Normality of residuals
plot(lrm, which = 2,col=c("red"))

shapiro.test(lrm$residuals)
##
## Shapiro-Wilk normality test
##
## data: lrm$residuals
## W = 0.96037, p-value = 5.931e-14
From Shapiro-Wilk normality test we can see that p-value is less than 0.05 which means that the residuals do not follow normal distribution.
Equal variance (homoscedasticity) of residuals
plot(lrm, which=3)

#we need to load library "lmtest" for bptest
library(lmtest)
bptest(lrm)
##
## studentized Breusch-Pagan test
##
## data: lrm
## BP = 4.7409, df = 2, p-value = 0.09344
The Scatter plot of residuals vs predicted values shows values are distributed randomly. Also, the P-Value of bp-test is greater than 0.05 we can say that variances are equal (homoscedasticity is present).

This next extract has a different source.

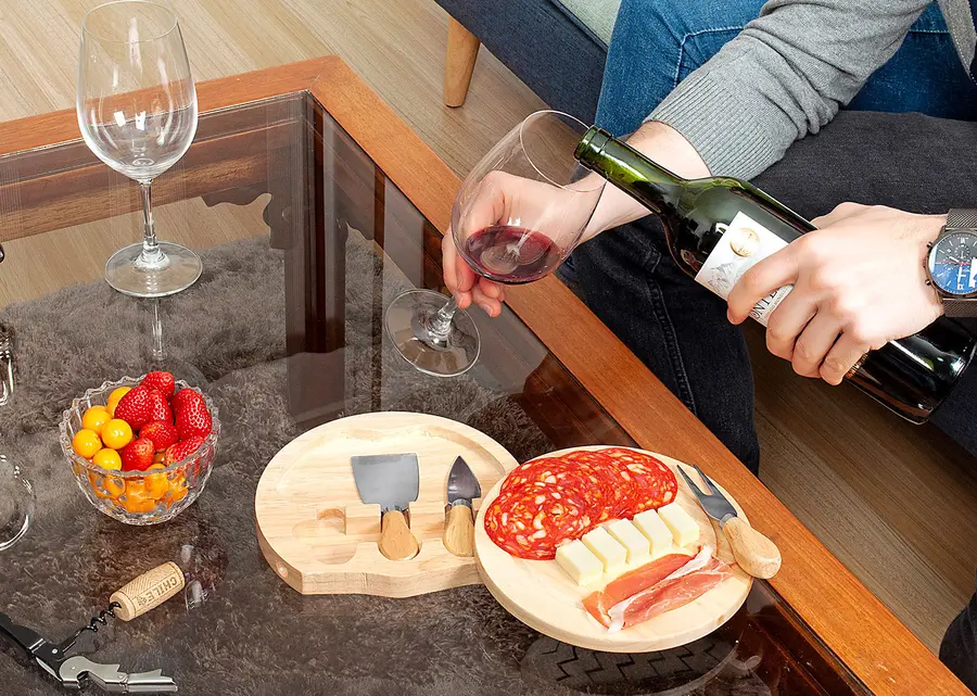Tabla de quesos redonda con 3 cuchillos: Cuchillo para parmesano, quesos duros y Tenedor. Lavar con agua y jabón y secar al aire libre.
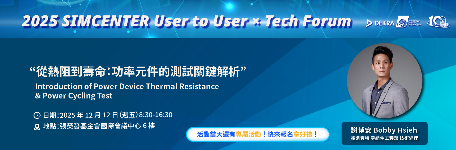 DEKRA iST德凱宜特受邀參與協力廠商勢流科技「2025 SIMCENTER User to User × Tech Forum」,由謝博安技術經理擔任講者,將以實務經驗出發主講「從熱組到壽命:功率元件的測試關鍵解析」,深入探討功率元件在驗證流程中的挑戰與要點,協助與會者掌握提升產品可靠度的核心策略。

• Use the fitted model to predict the random test data samples
pred <- predict(lrm, newdata = test)
• Get R-square, MAE and RMSE for training as well as test data and interpret them carefully
library(caret)
R_squared <- R2(pred, test$bmi)
(paste("R_squared: ",R_squared))
## [1] "R_squared: 0.00494364110778339"
RMSE<- RMSE(pred, test$bmi)
(paste("RMSE: ",RMSE))
## [1] "RMSE: 8.26701576035122"
MSE <- RMSE^2
(paste("MSE: ",MSE))
## [1] "MSE: 68.3435495818954"
The error calculation gives us a very low R-squared and high RMSE. Typically, an R-squared above 0.8 is considered to be acceptable whereas RMSE should be closer to zero for the model to be accurate. Since we have contradicting values, we can say that our model is not accurate.
• Take decision and write conclusion based on all the results obtained so far
Based on Regression metrics, we conclude that the model is not accurate and therefore should not be used for prediction. The predictors used, i.e, age and sex, are not very good predictors of BM.